Парламентская победа компартии в свете революционных задач



Сейчас официальная печать Коминтерна изображает результаты германских выборов, как грандиозную победу коммунизма, которая лозунг Советская Германия ставит в порядок дня. Бюрократические оптимисты не хотят вдумываться в смысл того соотношения сил, которое проявилось в избирательной статистике. Цифру прироста коммунистических голосов они рассматривают совершенно независимо от революционных задач, создаваемых обстановкой, и от ею же выдвигаемых препятствий.

Компартия получила около 4.600.000 голосов против 3.300.000 в 1928 г. Приращение в 1.300.000, с точки зрения "нормальной" парламентской механики представляется огромным, даже если учесть повышение общего числа избирателей. Но выигрыш компартии совершенно бледнеет перед скачком фашизма от 800.000 голосов к 6.400.000. Не менее важное значение для оценки выборов имеет тот факт, что социал-демократия, несмотря на значительные потери, сохранила свои основные кадры и все еще собрала значительно больше рабочих голосов, чем компартия.

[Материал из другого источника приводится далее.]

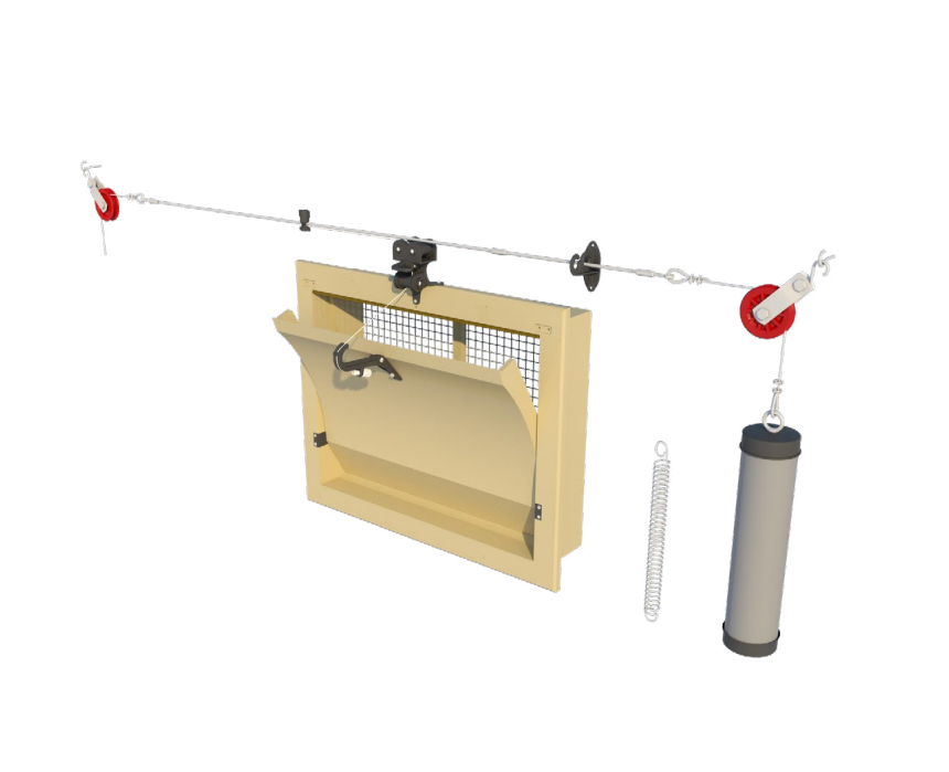 This inlet is suitable for almost all applications. With a middle hinged inner valve the air will be divided and also flows underneath the valve when it is opened over 25%. The inlet is controlled by means of a central plastic control arm. This inlet is executed with a curved inner valve so when it is opened for maximum ventilation air is also guide downwards to the animals. The square shape and slightly curved inner valve of this inlet make it especially suitable for wider houses where a farther throw of air is desirable.Benefits and warranty

Между тем, если спросить себя: какая комбинация международных и внутренних условий способна была бы с наибольшей силой повернуть рабочий класс в сторону коммунизма, то нельзя было бы привести примера более благоприятных для такого поворота условий, чем положение нынешней Германии: петля Юнга, экономический кризис, распад правящих, кризис парламентаризма, ужасающее самообнажение социал-демократии у власти. С точки зрения этих конкретных исторических условий удельный вес германской компартии в общественной жизни страны, несмотря на завоевание 1.300.000 голосов, остается непропорционально малым.

Слабость позиций коммунизма, неразрывно связанная с политикой и режимом Коминтерна, вскрывается еще ярче, если мы сегодняшний социальный вес компартии сопоставим с теми конкретными и неотложными задачами, которые ставятся перед нею нынешними историческими условиями.

Правда, сама компартия не ждала такого приращения. Но это показывает, что под ударами ошибок и поражений руководство компартии отвыкло от больших целей и перспектив. Если вчера оно недооценивало своих собственных возможностей, то сегодня оно снова недооценивает трудности. Так одна опасность помножается на другую.

Между тем первое свойство подлинно революционной партии - уметь глядеть в лицо действительности.

Колебания крупной буржуазии

При всяком повороте исторической дороги, при всяком социальном кризисе, надо снова и снова пересматривать вопрос о взаимоотношении трех классов современного общества: крупной буржуазии, руководимой финансовым капиталом; мелкой буржуазии, колеблющейся между основными лагерями; и, наконец, пролетариата.

Крупная буржуазия, составляющая ничтожную часть нации, не может держаться у власти, не имея опоры в мелкой буржуазии города и деревни, т.-е. в остатках старого и в массах нового среднего сословия. Эта опора принимает в нынешнюю эпоху две основные формы, политически антагонистичные друг по отношению к другу, но исторически дополняющие друг друга: социал-демократию и фашизм. В лице социал-демократии мелкая буржуазия, идущая за финансовым капиталом, ведет за собой миллионы рабочих.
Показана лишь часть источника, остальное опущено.